Podczas badania dorosłych pacjentów w szpitalu Sheppard Pratt w Baltimore, odkryli, że posiadanie psa w dowolnym momencie dzieciństwa, wiązało się z aż o 24% mniejszym ryzykiem schizofrenii. Ponadto, uczestnicy, którzy po raz pierwszy zostali wystawieni na kontakt psem tuż po urodzeniu, mieli o 55% mniejsze ryzyko zachorowania na tę chorobę.
Wydaje się jednak, że posiadanie kota domowego w dowolnym momencie dzieciństwa, nie wpływa na ryzyko rozwoju schizofrenii. Nie stwierdzono również związku między chorobą afektywną dwubiegunową a jakimkolwiek zwierzęciem.

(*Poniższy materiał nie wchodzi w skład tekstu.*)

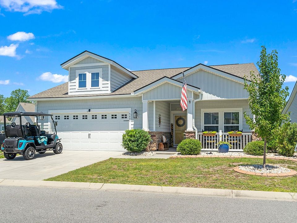 Welcome to The Bradford, a charming 3-bedroom, 2-bath home complete with a 2-car and golf cart garage. Situated within the highly acclaimed, guard-gated community of Legends Golf Resort, Gleneagles Cottages offer an unparalleled lifestyle. The home features exquisite Mohawk Cedar View Laminate flooring, 42" staggered white kitchen cabinets, sleek stainless steel appliances, elegant granite countertops, a 3x6 subway tile kitchen backsplash, and a tankless water heater. The heart of The Bradford is its expansive living space, seamlessly connecting the kitchen and dining area under a vaulted ceiling, creating an inviting, open, and airy ambiance. The primary suite is a serene retreat, boasting a stylish tray ceiling and an ensuite with a floor-to-ceiling tiled shower, a walk-in closet, and a double sink vanity. Two well-appointed guest rooms provide access to the guest bathroom, ensuring privacy and comfort separate from the primary suite. Designed for those who prefer minimal outdoor upkeep, this detached single-family home offers the privacy of a standalone residence without the hassle of a condo or townhome. The Gleneagles community is conveniently located next to three award-winning golf courses and the Ailsa Pub, a Golf Digest-rated restaurant and bar popular with residents, guests, and golfers. Just a short drive from the beach, this community is also close to Myrtle Beach's top restaurants and attractions. The HOA offers a range of amenities including gated security from sunset to sunrise, lawn service, a sprinkler system, waste management, and community maintenance. Residents and guests can enjoy pools, a hot tub, tennis courts, and pickleball. Short-term rentals allowed! Measurements are not guaranteed. Buyer is responsible for verifying.

Czytaj też: Zobaczyła na ulicy bezdomnego psa! Kiedy nikt nie patrzył postanowiła…
„Nie wiemy dokładnie na czym polega ten mechanizm” – powiedział główny autor badania, doktor Robert H. Yolken, profesor pediatrii na Johns Hopkins University.
Yolken ma jednak pewną teorię, ponieważ bakterie jelitowe osób chorych na schizofrenię różnią się od tych u osób zdrowych.

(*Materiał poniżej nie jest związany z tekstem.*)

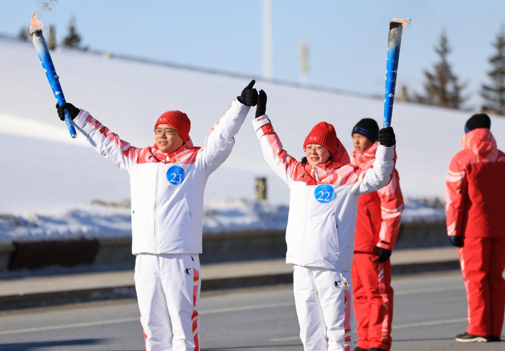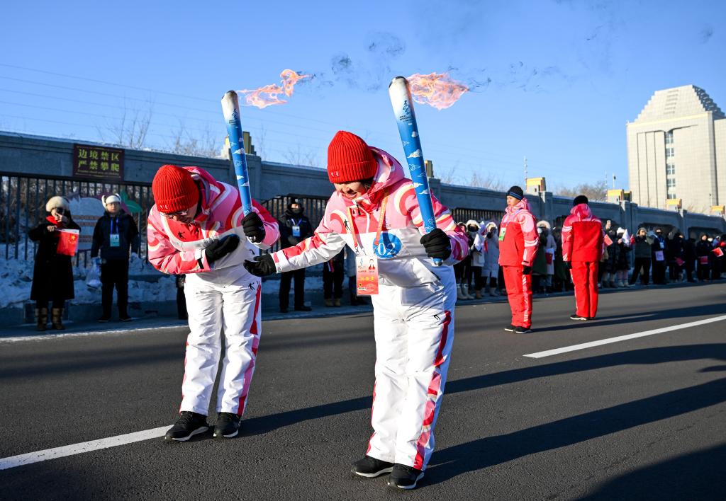 Torch bearers Bao Lingling (R) and Qian Zhuo take part in the torch relay of China's 14th National Winter Games in Hulun Buir, north China's Inner Mongolia Autonomous Region, Feb. 3, 2024. (Xinhua/Lian Zhen)

„Jedną z możliwości jest to, że obecność psa w domu zmienia mikrobiom i zmniejsza prawdopodobieństwo rozwoju zaburzenia psychicznego” – uważa.
Schizofrenia jest przewlekłą chorobą psychiczną, która wpływa na uczucia, myśli i zachowania danej osoby. Objawy obejmują omamy, urojenia, nieuporządkowane myślenie i trudności z pamięcią. Leczenie przebiega najczęściej farmakologicznie. Pacjentom proponowane mogą być również inne metody, takie jak np. psychoterapia.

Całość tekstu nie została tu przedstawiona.